Re: Distal vs. proximate: Timing of design events and Pax-6

From: RDehaan237@aol.com
Date: Fri Apr 27 2001 - 07:21:31 EDT

  • Next message: Howard J. Van Till: "Re: Distal vs. proximate: Timing of design events and Pax-6"

    Tim,

    Thanks for your response. I have printed out the article by Ma'ayan Semo
    9th. I take it that's the author's name?

    As I looked at the pages being spit out by my printer, several questions came
    to mind:
     
    Can anyone seriously doubt that the eye in its many manifestations was
    designed?

    Were they designed by the Blind (really Extremely Myopic) Watchmaker of
    natural processes or a super-human intelligence working through natural
    processes?

    Perhaps the question is, should we elevate natural forces to the level of
    intelligent agents, or should we reduce intelligent agency to natural forces.

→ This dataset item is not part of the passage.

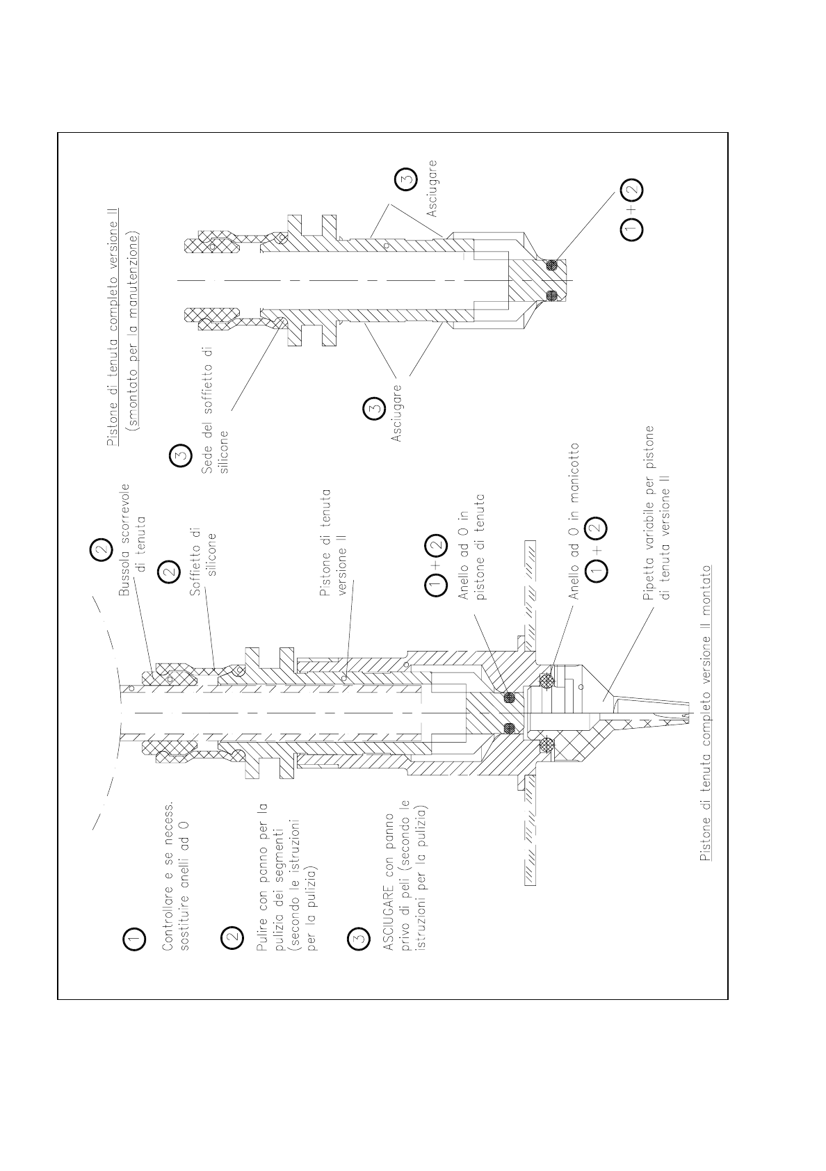 Fig. 9.5.15 Smontaggio/montaggio e manutenzione del "Pistone di tenuta completo", versione II, (disegnato in direzione di

    You wrote previously, "Nonetheless these thoughts give no reason to suppose
    that a designer's work is finished on Earth. Why would one expect that no
    additional species, families or phyla are slated for future creation? How do
    we know there are no further designs waiting to be applied?"

    I will respond to that again. My model of the history of organic life, in
    brief, is that it is a developmental, progressing and bounded history, much
    as an individual's life history is developmental and bounded. It has a
    beginning and an ending. For example, events and processes in the early
    stages of an individual's life are not repeated at age 80. Likewise design
    events in the early stages of organic life are not repeated now or in the
    future. In my view the developmental bounded view of life is repeated at all
    levels, in individual life spans, in species and phyletic groups, and I
    believe in the history of the total biota. An implication of my view is that
    the present biota is in its near-final stage of development, of its bounded
    life span.

    This view of life is not derived purely from scientific observation. But I
    believe that the data on the history of organic life support it.

    I also think that Christian theology favors a view of a developmental,
    bounded history of life that it has a goal and will have an ending.

    Your view, if I may venture to say, is that the history of life is open
    ended, and probably uniformitarian, that almost anything can happen as it has
    in the past. I don't think that your view has more factual support than mine
    does, in fact, I think it has less.

    Our respective models are both shaped by and shape our interpretation of
    data.

    By the way, how would I access Medline?